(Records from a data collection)
+---+

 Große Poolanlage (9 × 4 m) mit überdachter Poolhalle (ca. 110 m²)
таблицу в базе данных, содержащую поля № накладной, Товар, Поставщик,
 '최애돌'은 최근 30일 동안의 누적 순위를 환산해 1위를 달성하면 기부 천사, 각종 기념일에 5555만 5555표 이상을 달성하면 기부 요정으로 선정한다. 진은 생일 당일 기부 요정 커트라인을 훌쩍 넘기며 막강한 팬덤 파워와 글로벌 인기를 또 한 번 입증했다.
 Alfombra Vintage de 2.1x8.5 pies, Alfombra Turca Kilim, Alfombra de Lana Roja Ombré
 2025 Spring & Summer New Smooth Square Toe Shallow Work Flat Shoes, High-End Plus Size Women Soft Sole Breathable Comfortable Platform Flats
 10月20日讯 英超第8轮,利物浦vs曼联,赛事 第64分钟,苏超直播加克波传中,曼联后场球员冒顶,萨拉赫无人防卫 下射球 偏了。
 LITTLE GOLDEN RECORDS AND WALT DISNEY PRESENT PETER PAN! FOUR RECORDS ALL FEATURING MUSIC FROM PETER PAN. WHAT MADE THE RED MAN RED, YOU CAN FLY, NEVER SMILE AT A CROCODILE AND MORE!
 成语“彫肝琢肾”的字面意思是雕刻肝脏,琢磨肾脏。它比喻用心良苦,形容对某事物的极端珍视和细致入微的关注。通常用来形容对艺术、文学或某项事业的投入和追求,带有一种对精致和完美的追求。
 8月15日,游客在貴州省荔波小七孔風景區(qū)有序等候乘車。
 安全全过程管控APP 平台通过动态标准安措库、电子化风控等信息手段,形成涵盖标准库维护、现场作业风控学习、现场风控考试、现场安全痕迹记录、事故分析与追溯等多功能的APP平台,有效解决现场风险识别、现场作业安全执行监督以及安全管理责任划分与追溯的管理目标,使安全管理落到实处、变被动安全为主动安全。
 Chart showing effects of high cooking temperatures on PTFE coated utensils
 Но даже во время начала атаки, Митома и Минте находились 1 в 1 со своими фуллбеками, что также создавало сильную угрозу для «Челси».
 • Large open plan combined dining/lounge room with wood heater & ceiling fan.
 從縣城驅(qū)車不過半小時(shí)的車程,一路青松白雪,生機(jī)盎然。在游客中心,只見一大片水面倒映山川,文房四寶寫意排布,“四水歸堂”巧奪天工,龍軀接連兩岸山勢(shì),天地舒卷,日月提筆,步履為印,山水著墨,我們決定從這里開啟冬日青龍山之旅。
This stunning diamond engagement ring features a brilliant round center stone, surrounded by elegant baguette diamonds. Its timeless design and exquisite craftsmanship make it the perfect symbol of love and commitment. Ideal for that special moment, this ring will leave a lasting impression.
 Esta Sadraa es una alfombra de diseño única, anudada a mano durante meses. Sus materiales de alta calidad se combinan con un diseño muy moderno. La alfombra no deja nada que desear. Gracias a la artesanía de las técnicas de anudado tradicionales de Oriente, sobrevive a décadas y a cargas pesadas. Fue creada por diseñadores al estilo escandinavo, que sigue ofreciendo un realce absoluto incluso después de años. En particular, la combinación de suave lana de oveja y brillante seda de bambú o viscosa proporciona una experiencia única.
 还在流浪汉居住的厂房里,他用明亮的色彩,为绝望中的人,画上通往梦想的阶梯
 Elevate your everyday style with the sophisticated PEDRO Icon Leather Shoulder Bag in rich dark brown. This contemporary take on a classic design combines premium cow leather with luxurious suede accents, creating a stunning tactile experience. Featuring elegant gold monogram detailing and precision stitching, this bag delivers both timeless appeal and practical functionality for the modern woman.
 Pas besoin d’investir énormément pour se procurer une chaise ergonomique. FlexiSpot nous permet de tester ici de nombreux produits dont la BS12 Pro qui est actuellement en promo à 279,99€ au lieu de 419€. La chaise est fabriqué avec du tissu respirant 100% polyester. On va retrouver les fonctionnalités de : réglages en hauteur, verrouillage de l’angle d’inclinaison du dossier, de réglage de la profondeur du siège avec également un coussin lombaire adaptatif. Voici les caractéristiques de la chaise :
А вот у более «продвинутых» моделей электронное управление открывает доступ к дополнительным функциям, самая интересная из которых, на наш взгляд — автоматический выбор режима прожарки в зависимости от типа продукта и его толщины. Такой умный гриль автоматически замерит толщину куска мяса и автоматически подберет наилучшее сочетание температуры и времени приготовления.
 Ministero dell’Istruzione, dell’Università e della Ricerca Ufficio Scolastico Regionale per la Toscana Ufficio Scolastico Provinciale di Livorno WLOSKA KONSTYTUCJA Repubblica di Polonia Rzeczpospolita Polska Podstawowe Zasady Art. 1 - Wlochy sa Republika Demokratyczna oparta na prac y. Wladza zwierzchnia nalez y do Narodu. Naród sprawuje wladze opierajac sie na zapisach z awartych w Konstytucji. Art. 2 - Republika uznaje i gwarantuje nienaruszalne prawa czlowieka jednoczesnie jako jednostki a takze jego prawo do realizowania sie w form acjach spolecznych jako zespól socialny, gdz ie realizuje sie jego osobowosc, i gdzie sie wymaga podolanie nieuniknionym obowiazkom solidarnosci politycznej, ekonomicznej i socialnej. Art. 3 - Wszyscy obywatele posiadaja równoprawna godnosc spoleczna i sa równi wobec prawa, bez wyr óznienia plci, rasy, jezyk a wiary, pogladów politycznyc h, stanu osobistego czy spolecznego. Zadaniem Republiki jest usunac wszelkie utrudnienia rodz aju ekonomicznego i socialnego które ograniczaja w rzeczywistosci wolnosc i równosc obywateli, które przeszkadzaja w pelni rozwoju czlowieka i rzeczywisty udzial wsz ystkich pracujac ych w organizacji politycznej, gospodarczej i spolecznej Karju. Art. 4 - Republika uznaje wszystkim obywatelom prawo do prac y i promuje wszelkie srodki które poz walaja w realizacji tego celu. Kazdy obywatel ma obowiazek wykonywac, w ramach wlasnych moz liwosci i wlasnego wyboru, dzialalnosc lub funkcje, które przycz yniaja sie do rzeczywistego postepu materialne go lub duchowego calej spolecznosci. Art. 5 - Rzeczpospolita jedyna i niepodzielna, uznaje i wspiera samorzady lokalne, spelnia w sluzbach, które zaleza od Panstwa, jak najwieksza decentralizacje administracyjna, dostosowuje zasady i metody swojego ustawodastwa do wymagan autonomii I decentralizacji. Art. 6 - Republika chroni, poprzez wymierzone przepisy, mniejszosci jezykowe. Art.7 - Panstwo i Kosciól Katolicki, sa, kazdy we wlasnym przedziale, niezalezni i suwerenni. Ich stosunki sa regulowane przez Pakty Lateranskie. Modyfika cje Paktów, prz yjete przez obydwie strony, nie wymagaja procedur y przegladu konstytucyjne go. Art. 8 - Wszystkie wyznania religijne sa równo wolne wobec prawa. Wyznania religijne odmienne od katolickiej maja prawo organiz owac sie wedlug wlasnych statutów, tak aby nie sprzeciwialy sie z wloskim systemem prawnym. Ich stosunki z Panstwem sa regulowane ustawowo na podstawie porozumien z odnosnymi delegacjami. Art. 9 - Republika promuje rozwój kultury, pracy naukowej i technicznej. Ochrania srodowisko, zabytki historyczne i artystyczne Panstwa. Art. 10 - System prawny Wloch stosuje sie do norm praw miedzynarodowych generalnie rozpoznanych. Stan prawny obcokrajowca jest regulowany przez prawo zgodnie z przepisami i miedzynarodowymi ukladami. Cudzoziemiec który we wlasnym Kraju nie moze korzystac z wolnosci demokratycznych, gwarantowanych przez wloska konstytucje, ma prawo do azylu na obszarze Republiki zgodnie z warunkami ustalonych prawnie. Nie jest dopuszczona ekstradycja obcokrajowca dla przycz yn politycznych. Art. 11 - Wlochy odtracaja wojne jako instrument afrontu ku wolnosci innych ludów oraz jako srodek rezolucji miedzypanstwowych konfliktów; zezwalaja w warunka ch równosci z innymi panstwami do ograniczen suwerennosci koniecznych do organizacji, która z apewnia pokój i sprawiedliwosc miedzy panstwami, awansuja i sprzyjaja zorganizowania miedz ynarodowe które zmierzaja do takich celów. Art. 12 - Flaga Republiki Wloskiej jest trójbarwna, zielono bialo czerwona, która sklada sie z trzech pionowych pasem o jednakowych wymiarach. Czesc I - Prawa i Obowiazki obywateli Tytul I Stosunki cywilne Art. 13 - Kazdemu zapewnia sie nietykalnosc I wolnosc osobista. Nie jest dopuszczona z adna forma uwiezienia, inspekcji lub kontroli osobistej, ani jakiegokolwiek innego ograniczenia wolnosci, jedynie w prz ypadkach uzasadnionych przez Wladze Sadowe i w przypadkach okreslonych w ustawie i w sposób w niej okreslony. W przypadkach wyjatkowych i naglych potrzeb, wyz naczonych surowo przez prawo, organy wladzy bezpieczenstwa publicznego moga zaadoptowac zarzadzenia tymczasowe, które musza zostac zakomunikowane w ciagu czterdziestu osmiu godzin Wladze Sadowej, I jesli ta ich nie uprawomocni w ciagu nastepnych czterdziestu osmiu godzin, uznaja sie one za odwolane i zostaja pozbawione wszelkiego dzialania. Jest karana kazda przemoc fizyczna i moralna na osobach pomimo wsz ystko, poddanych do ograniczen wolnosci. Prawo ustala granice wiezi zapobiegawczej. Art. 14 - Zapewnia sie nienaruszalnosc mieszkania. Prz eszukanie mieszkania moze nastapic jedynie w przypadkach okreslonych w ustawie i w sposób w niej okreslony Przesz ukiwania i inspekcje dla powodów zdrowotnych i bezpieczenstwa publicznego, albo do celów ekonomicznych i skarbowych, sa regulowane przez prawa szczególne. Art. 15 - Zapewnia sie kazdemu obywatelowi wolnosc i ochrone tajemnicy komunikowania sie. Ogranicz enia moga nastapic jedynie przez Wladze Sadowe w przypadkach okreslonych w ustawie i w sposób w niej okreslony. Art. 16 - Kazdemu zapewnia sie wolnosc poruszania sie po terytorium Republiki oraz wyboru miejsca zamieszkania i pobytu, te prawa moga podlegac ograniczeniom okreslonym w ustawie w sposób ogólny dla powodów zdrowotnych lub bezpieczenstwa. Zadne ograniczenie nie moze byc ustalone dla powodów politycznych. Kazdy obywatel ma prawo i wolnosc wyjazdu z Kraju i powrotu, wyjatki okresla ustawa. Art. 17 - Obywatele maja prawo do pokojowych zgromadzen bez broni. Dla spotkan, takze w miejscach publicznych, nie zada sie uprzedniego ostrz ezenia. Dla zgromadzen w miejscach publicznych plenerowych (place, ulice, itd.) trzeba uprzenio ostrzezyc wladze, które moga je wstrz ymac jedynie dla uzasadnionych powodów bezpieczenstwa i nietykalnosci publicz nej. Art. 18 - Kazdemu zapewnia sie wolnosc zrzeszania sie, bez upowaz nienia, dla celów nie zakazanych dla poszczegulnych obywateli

+---+

[WORK INSTRUCTION]:
Starting with the line above that holds "heater & ceiling fan." and stopping with the line that holds "This stunning diamond", reproduce each line exactly, omitting all other lines.

[SOLVED EXERCISE]:
 • Large open plan combined dining/lounge room with wood heater & ceiling fan.
 從縣城驅(qū)車不過半小時(shí)的車程,一路青松白雪,生機(jī)盎然。在游客中心,只見一大片水面倒映山川,文房四寶寫意排布,“四水歸堂”巧奪天工,龍軀接連兩岸山勢(shì),天地舒卷,日月提筆,步履為印,山水著墨,我們決定從這里開啟冬日青龍山之旅。
This stunning diamond engagement ring features a brilliant round center stone, surrounded by elegant baguette diamonds. Its timeless design and exquisite craftsmanship make it the perfect symbol of love and commitment. Ideal for that special moment, this ring will leave a lasting impression.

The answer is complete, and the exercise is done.